FOOD SERVING SIZE CALORIES *
Baked Potato 1 medium (150 Grams)*** 110
Boiled Potato 1 medium (150 Grams)*** 110
Potato Chips 10 regular or ridged 110
French Fried Potatoes 10 2 to 31/2-inch pieces 110
Potatoes Mashed with milk 3/4 cup 100 **
Apples 1 medium (150 grams) 80
Cottage Cheese, creamed ½ cup 130
Hamburger patty 3 ounces cooked 270
Lettuce salad with Italian dressing 1 cup / 2 tablespoons 170
Low fat milk 1 cup 150
Noodles 1 cup 200
Orange Juice 1 cup 110
Rice 3/4 cup 170
Spaghetti 1 cup 160
White Bread 1 slice 70
Yogurt, plain 1 cup 120

*Source: Values based on 'Nutrition Labeling, Tools For Its Use,' USDA Agriculture Information Bulletin No. 382. All calories rounded up to the nearest 10, as called for in FDA labeling regulations.

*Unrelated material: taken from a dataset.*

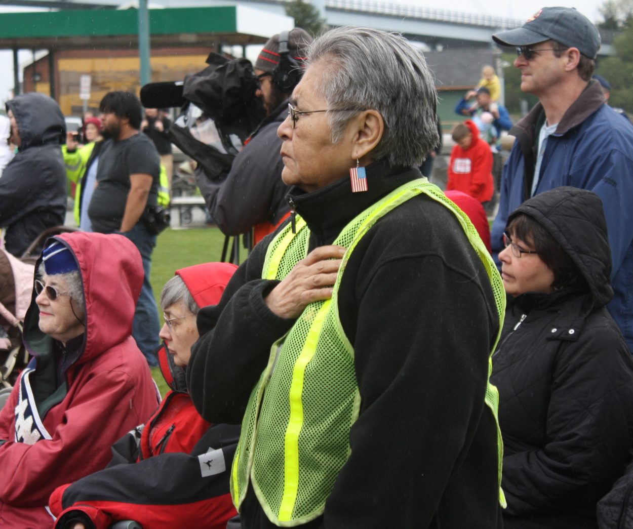 Andrea Craig rises during the playing of military marches. Her late brother, Jacob Peters, was in the Air Force Police. (KCAW photo/Ed Ronco)

**Source: Value based on 'Composition of Foods,' USDA Agriculture Handbook No. 8.

***Weight before cooking.

POTATOES ARE PENNY-WISE

Potatoes are always a good buy in the supermarket. They cost just pennies per serving and provide good nutrition for the money. In fact, potatoes are one of our most economical sources of Vitamin C, vitamin B6, magnesium, folacin (folic acid), copper, potassium and iron. So potatoes are an inexpensive supplementary source of high quality vegetable protein.